▶ [Records for the task]
>>>>

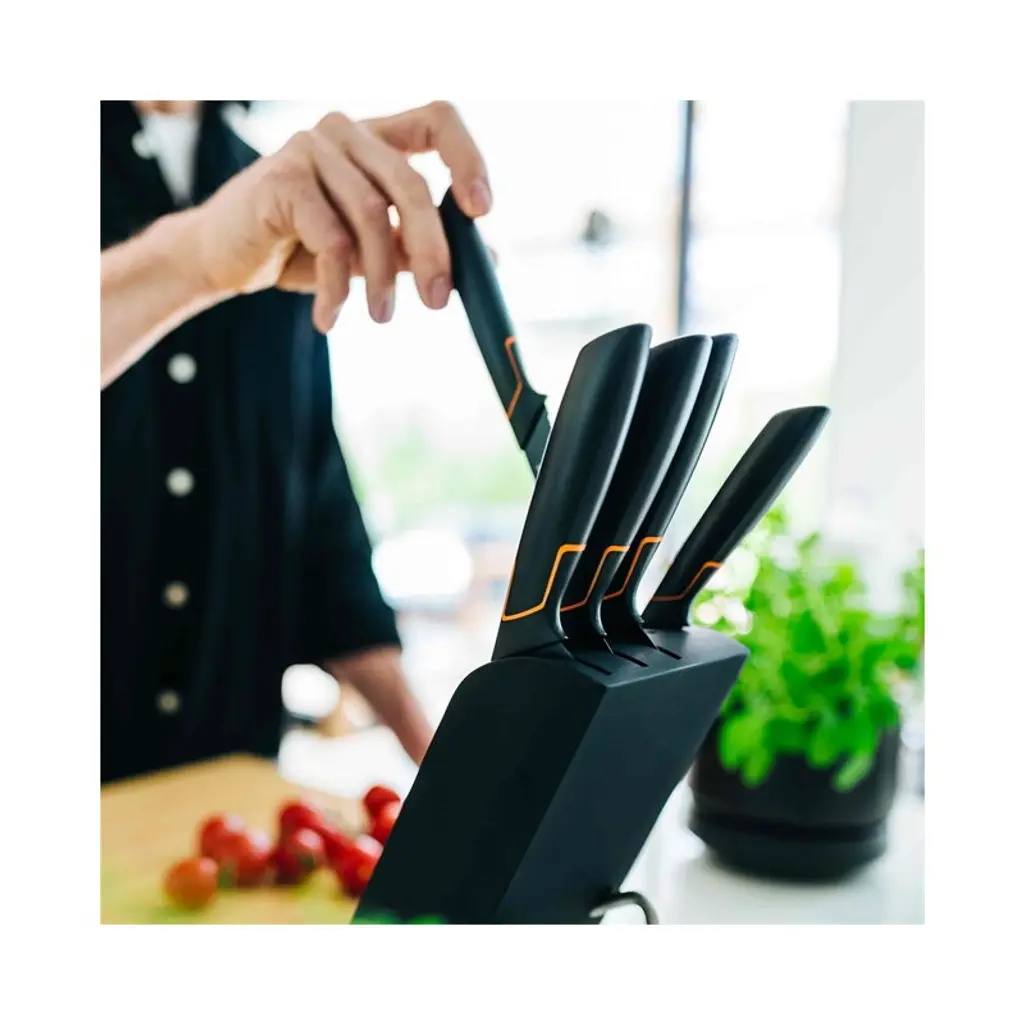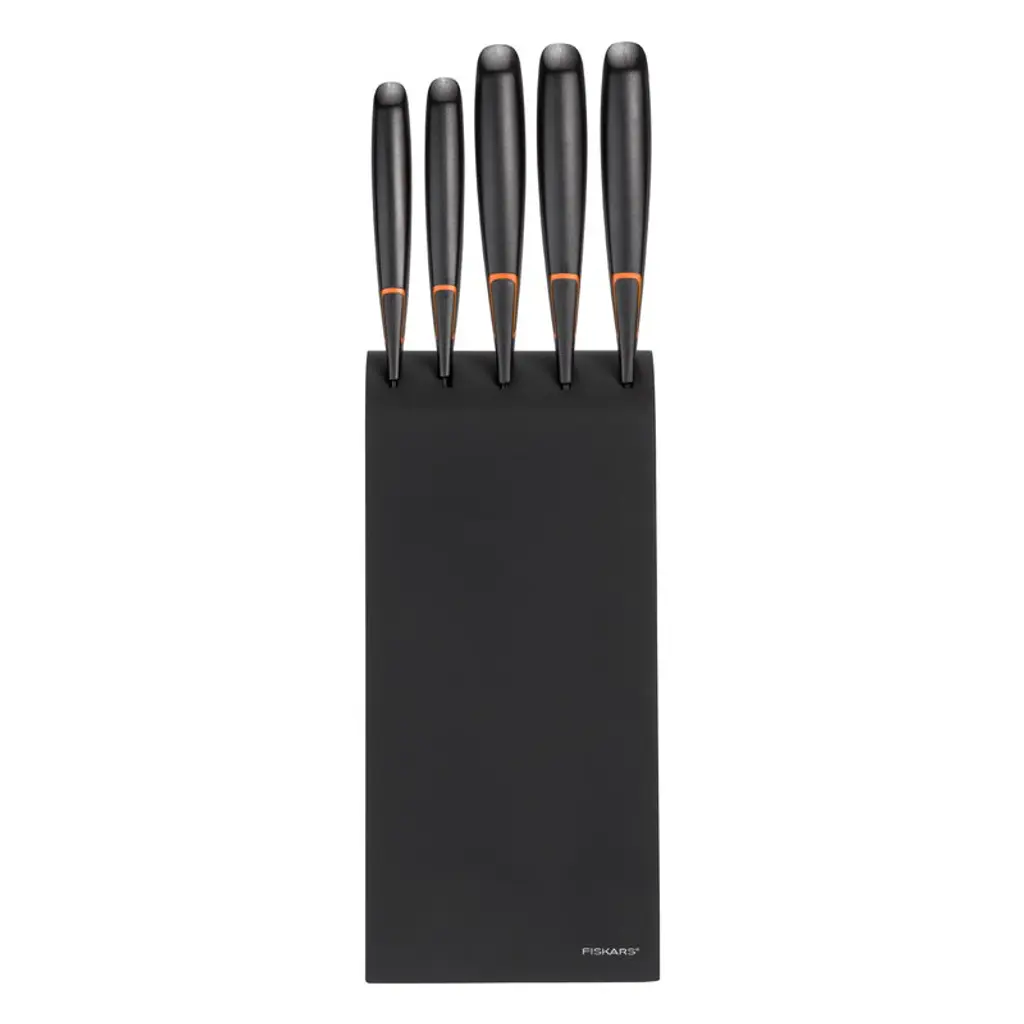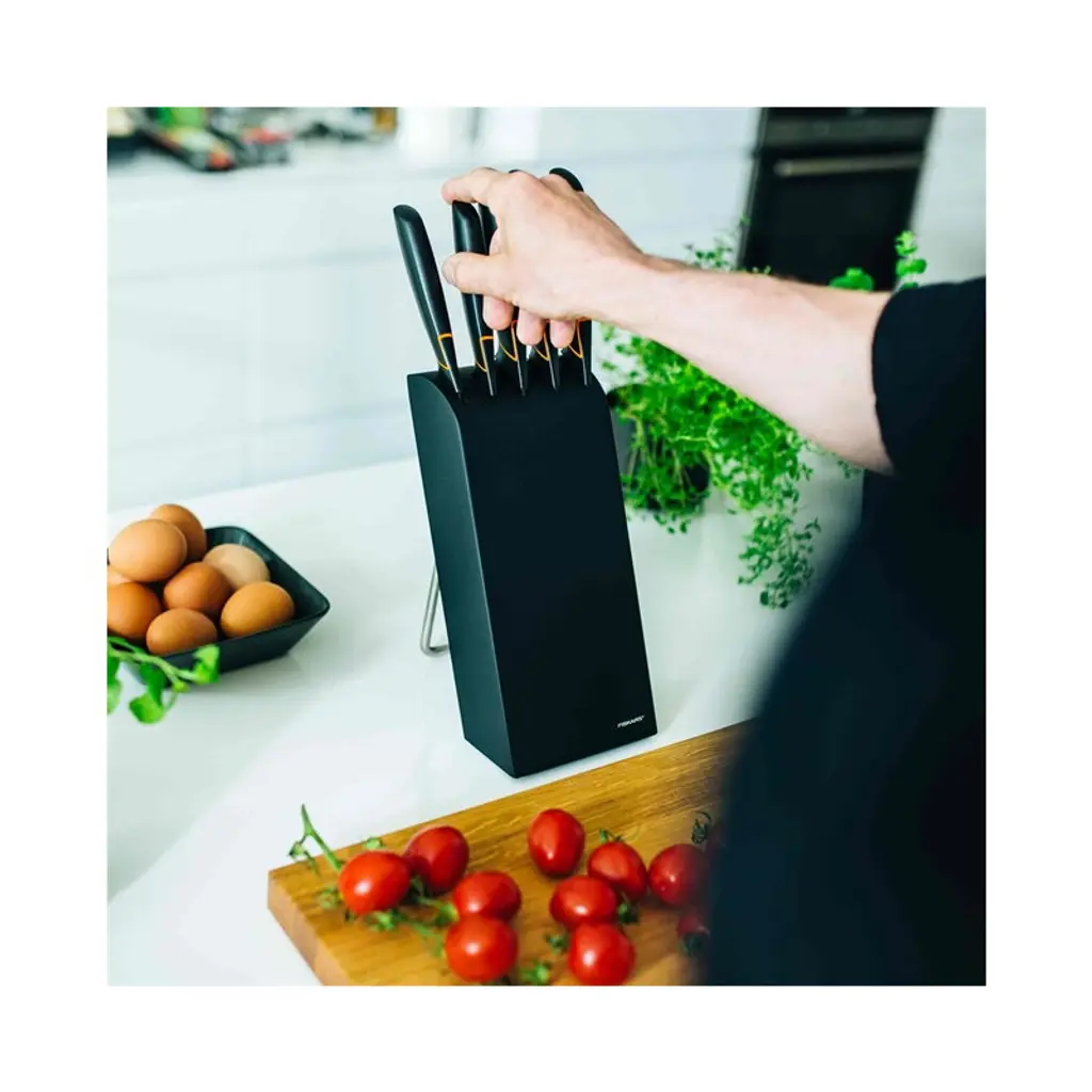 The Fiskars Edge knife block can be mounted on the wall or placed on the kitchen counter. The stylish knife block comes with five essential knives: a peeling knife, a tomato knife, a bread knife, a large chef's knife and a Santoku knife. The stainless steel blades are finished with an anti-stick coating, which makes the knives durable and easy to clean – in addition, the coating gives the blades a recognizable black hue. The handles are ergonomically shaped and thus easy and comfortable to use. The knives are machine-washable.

<<<<
>>>>

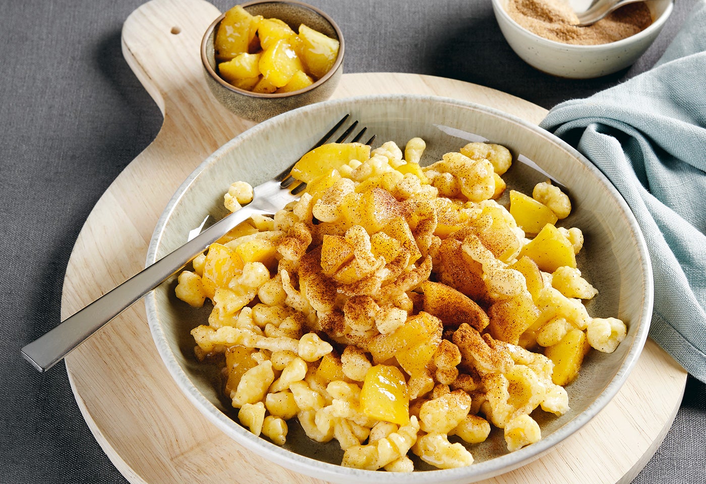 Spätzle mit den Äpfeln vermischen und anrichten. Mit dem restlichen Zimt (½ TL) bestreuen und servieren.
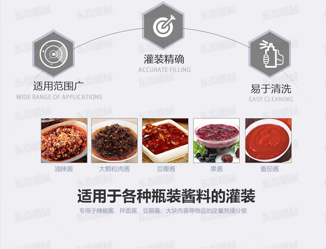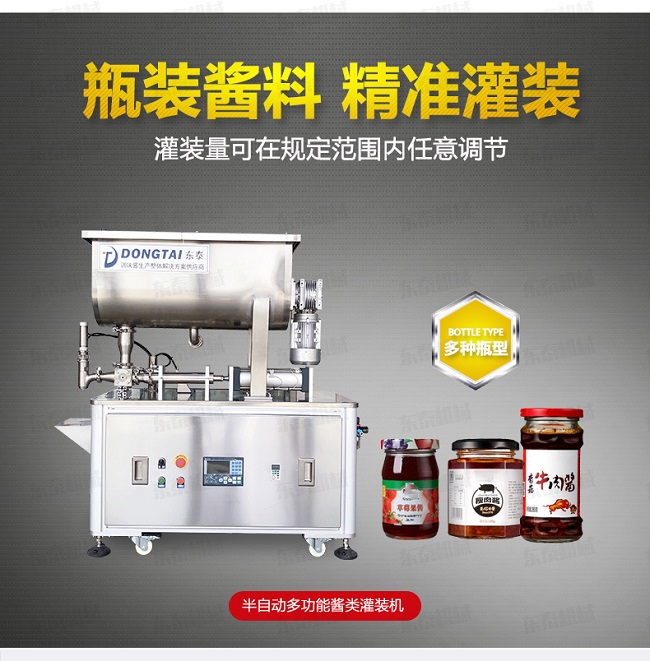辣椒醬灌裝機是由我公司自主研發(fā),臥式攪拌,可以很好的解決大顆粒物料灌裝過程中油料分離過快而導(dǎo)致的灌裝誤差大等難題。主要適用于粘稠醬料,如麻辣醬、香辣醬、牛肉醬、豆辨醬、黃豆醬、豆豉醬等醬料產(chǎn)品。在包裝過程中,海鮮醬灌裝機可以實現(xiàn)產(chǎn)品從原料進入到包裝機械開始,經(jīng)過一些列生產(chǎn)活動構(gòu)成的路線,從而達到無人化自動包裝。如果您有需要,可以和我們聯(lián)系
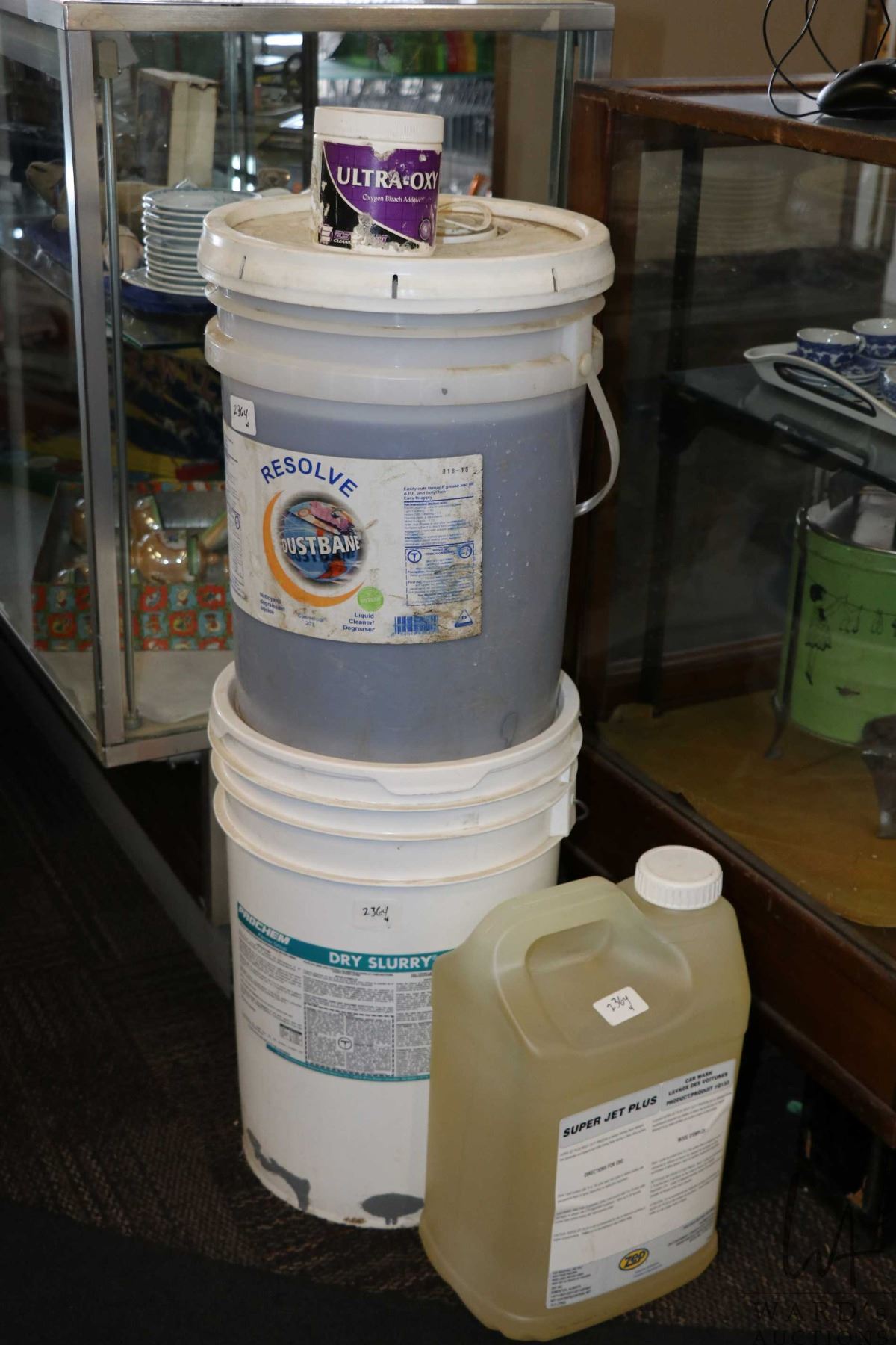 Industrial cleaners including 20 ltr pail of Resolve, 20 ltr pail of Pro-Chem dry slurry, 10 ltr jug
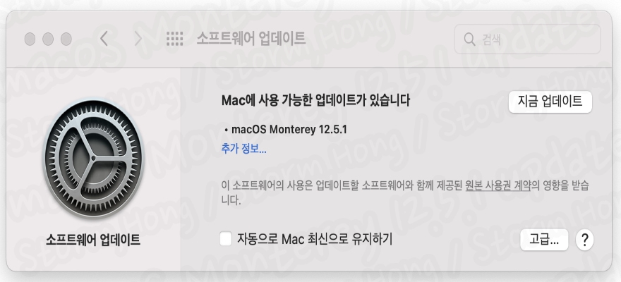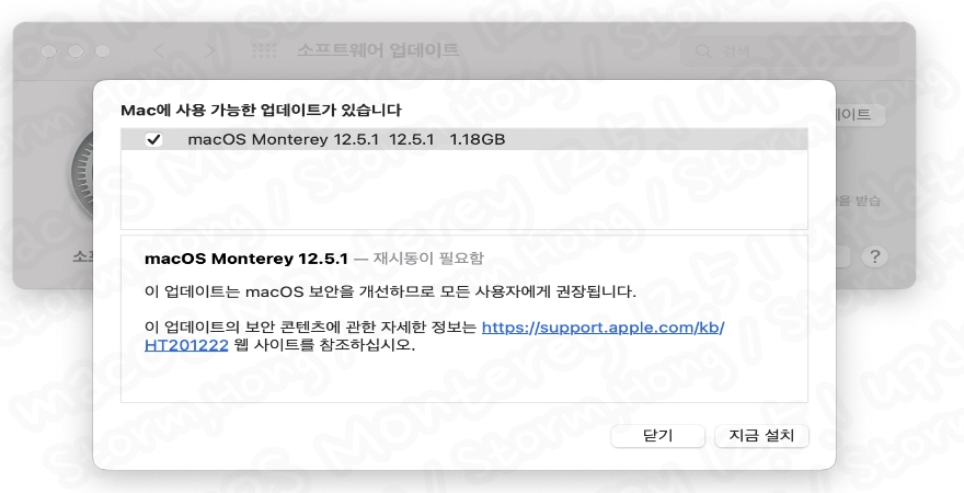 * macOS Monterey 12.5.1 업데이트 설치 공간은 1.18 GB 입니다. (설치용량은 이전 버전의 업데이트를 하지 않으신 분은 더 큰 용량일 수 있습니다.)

<<<<
>>>>

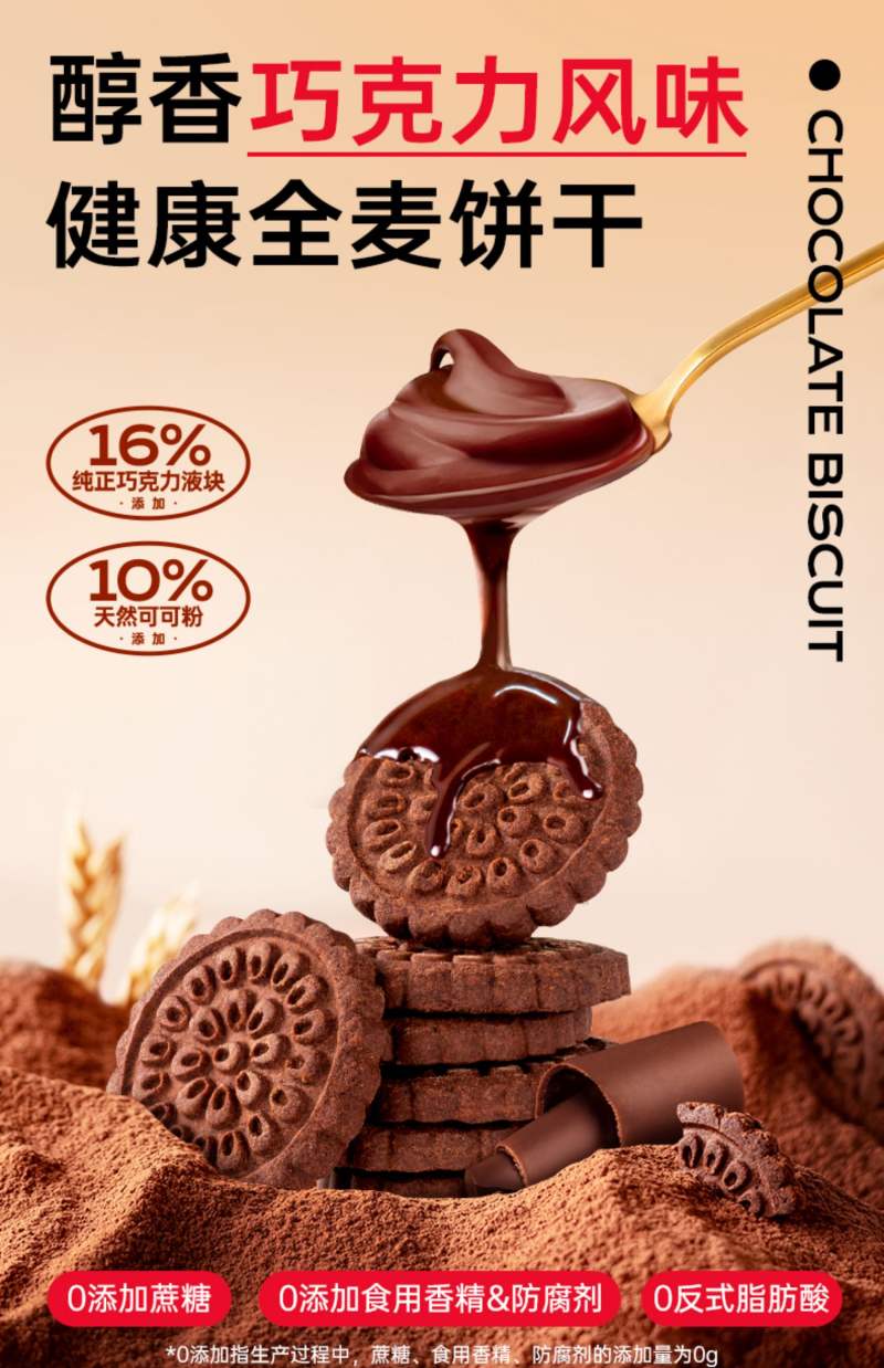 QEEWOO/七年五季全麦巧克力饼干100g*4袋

<<<<

▶ [Requirement]
Between and including the line with "Industrial cleaners including" and the line with "용량일 수 있습니다.)", repeat every line exactly as it appears above, with pictures left out.

▶ [Your response]
 Industrial cleaners including 20 ltr pail of Resolve, 20 ltr pail of Pro-Chem dry slurry, 10 ltr jug
 * macOS Monterey 12.5.1 업데이트 설치 공간은 1.18 GB 입니다. (설치용량은 이전 버전의 업데이트를 하지 않으신 분은 더 큰 용량일 수 있습니다.)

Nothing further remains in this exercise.